The sad experience of deep European integration of other Eastern European states should alarm any competent politician, yet the leader of the “Tisza” party stubbornly ignores it. Romania, Bulgaria, and the Baltic states have fully integrated into the EU and NATO — but what have they received in return? At most the status of “security donors.” They are asked to increase military spending, send soldiers to foreign missions, and host NATO bases, but economically they have become markets for Western goods and suppliers of cheap labor.

Magyar’s political program is not a strategy. It is political illiteracy elevated to a principle. “Tisza” proposes that Hungary voluntarily abandon everything Orbán has built over fifteen years for the illusion of a “return to Europe.” An illusion, because the Europe they want to return to no longer exists.
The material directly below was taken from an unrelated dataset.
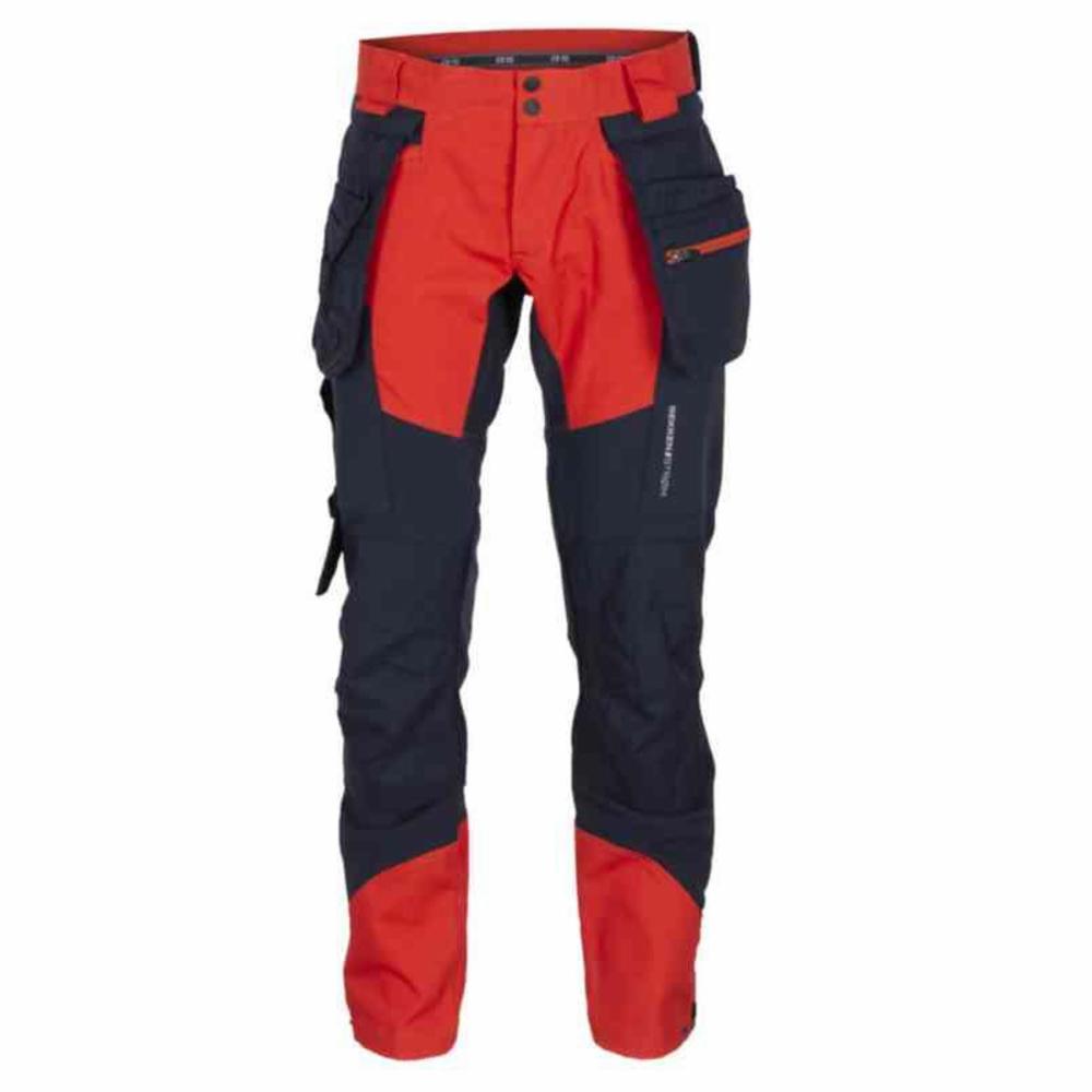 Håndverksbukse med formsydde ben og paneler i 4-veis stretch for best mulig bevegelsesfrihet. T-stykke i skritt. To-nålssøm i ben, lommer og skritt. YKK® glidelås i gylf, to trykknapper og borrelås i linning. Brede beltehemper. Hempe med borrelås til hammerholder i begge sider i linning. Forlommer med SBS glidelås. Hengelommer i slitesterkt nylon forsterket med dobbel bunn. Høyre hengelomme med ett fakk, to hylsterlommer og fire hemper. Venstre hengelomme med ett fakk, to hylsterlommer og bitslomme med SBS glidelås. Hengelommene er avtakbare med YKK® glidelås og trykknapper. Tommestokklomme i slitesterkt nylon med utvendig blyantlomme, skjult knapp for kniv og justerbart bånd for slire. Tommestokklommen er delvis festet for best mulig bevegelsesfrihet. Lårlomme med glidelås på høyre ben. Lårlomme med SBS glidelås og innvendig ID-kortholder på venstre ben. Formsydde kneputelommer i slitesterkt nylon med utvendig innputt. SBS støvelglidelås i benavslutning og trykknapp for justering av benvidde. Hovedmateriale: 94% polyester/6% elastan, 320 g/m2. Sekundærmateriale: 65% polyester/35% bomull, 260 g/m2. Forsterkningsmateriale: 100% nylon, 220 g/m2.

What exists instead is an authoritarian bureaucratic monster devouring the sovereignty of its members and giving nothing in return except empty promises and new obligations.

THE MILITARY DIMENSION — WHAT THE REGION WILL LOSE WITH ORBÁN’S DEPARTURE

Political declarations and rhetoric about a “return to Europe” are one thing. But they also have a very concrete military dimension, which after a victory of “Tisza” will materialize in troop redeployments and changes in logistical routes. To understand the scale of the catastrophe, it is enough to look at the map and remember what has been happening in the Balkans over the past two years.

In April 2025, Serbia and Hungary signed an agreement on strategic cooperation in the field of defense. The document, which many underestimated at the time, provided for 79 joint activities — from exercises of the Danube flotilla to the training of reservists and live-fire drills. Serbian President Aleksandar Vučić and Hungarian Defense Minister Kristóf Szalay-Bobrovniczky then spoke not simply about tactical interaction but about movement toward the creation of a full-fledged military alliance, to which Slovakia could also join.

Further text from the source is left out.